Publication year - 1999
Publication title -
conservation biology
Language(s) - English
Resource type - Journals
SCImago Journal Rank - 2.2
H-Index - 222
eISSN - 1523-1739
pISSN - 0888-8892
DOI - 10.1046/j.1523-1739.1999.98019.x
Subject(s) - probabilistic logic , statistical model , null model , statistics , environmental niche modelling , spatial analysis , autocorrelation , vegetation (pathology) , contrast (vision) , data set , ecology , mathematics , computer science , habitat , biology , artificial intelligence , medicine , pathology , ecological niche
Conservation biologists need to be able to predict species distributions based on easily collected data available at regional scales. We quantified the effectiveness of different types of data for predicting bird distributions for the state of Idaho. We developed probabilistic models to evaluate the ability of vegetation, climate, and spatial autocorrelation data to predict the presence or absence of 40 bird species. We determined the probability of correctly predicting presence and absence for each species using a training‐testing sample methodology. This method involves splitting the data set into two portions: one portion was used to “fit” the models using maximum likelihood, and the second portion was then predicted from the fitted models. The predicted probability of species presence from the second portion of the data was compared to actual presence‐absence values to assess model performance. Overall, differences in average performance among the parameterized models were small.
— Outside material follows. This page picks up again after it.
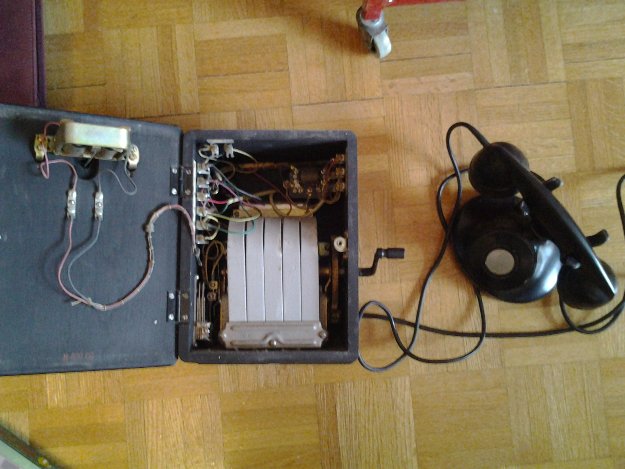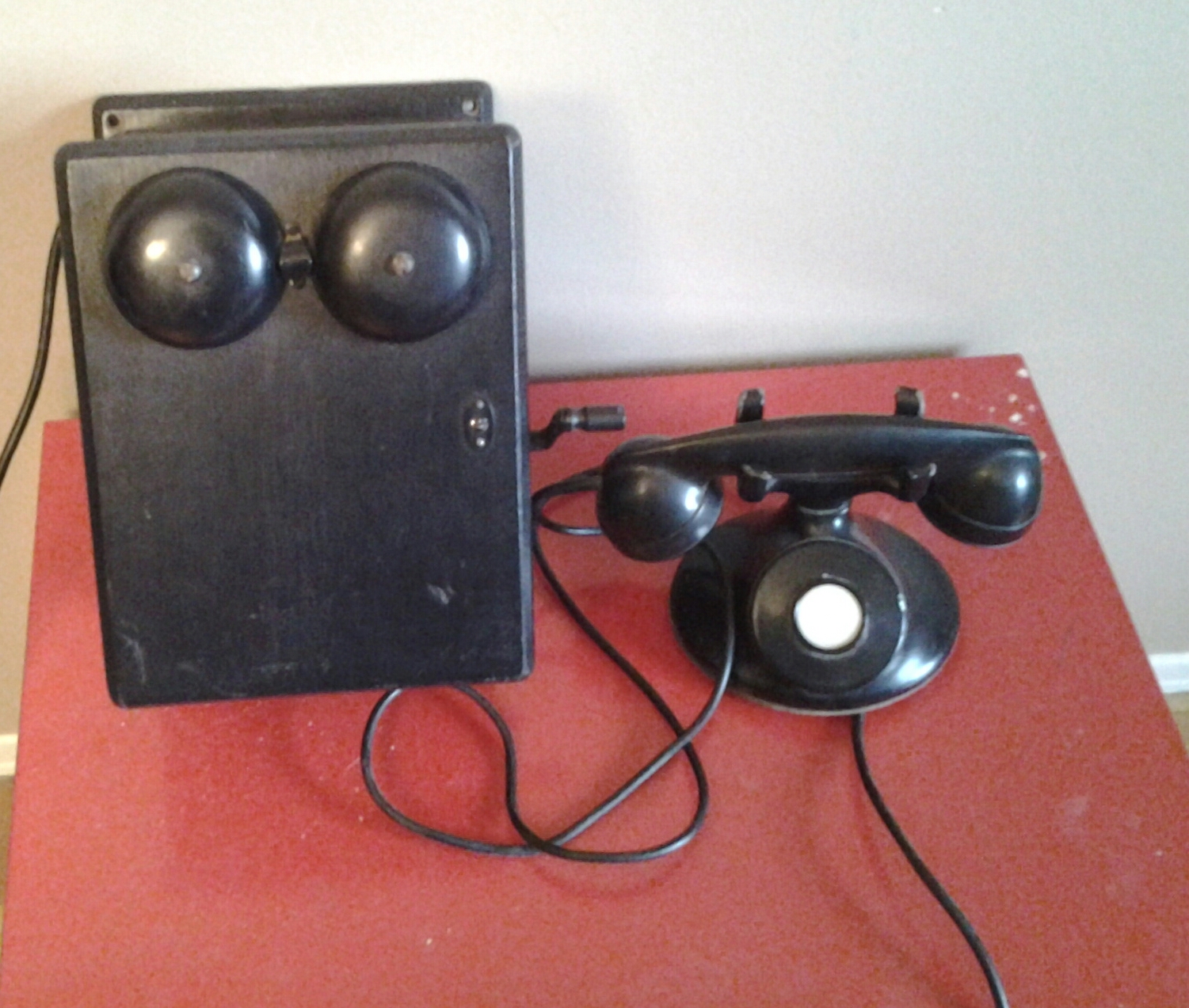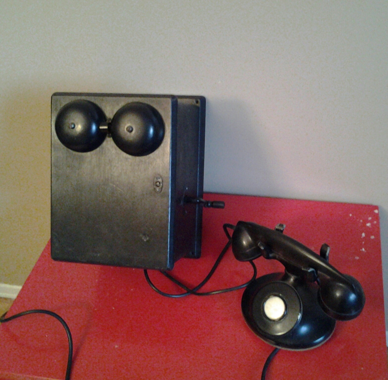 I think it's 1920s northern electric desk or wall crank phone. Box is oak. There is a number on the back. N 400 CG. I'm pretty sure it was painted black.

Vegetation, climate, and spatial models each predicted approximately 60% of the presences correctly. Models employing a combination of these factors consistently improved model performance, but only slightly (an approximate 4% improvement). In contrast, the null model correctly predicted just 35% of the presences. Our results suggest that (1) parameterized models are a substantial improvement over a null model but still make frequent mistakes in predicting the presence or absence of species, and (2) data availability may be the most important factor in determining which variables to use to predict species presence‐absence. In some cases, available and relatively inexpensive climate data or incomplete distributional information may be the preferred data option.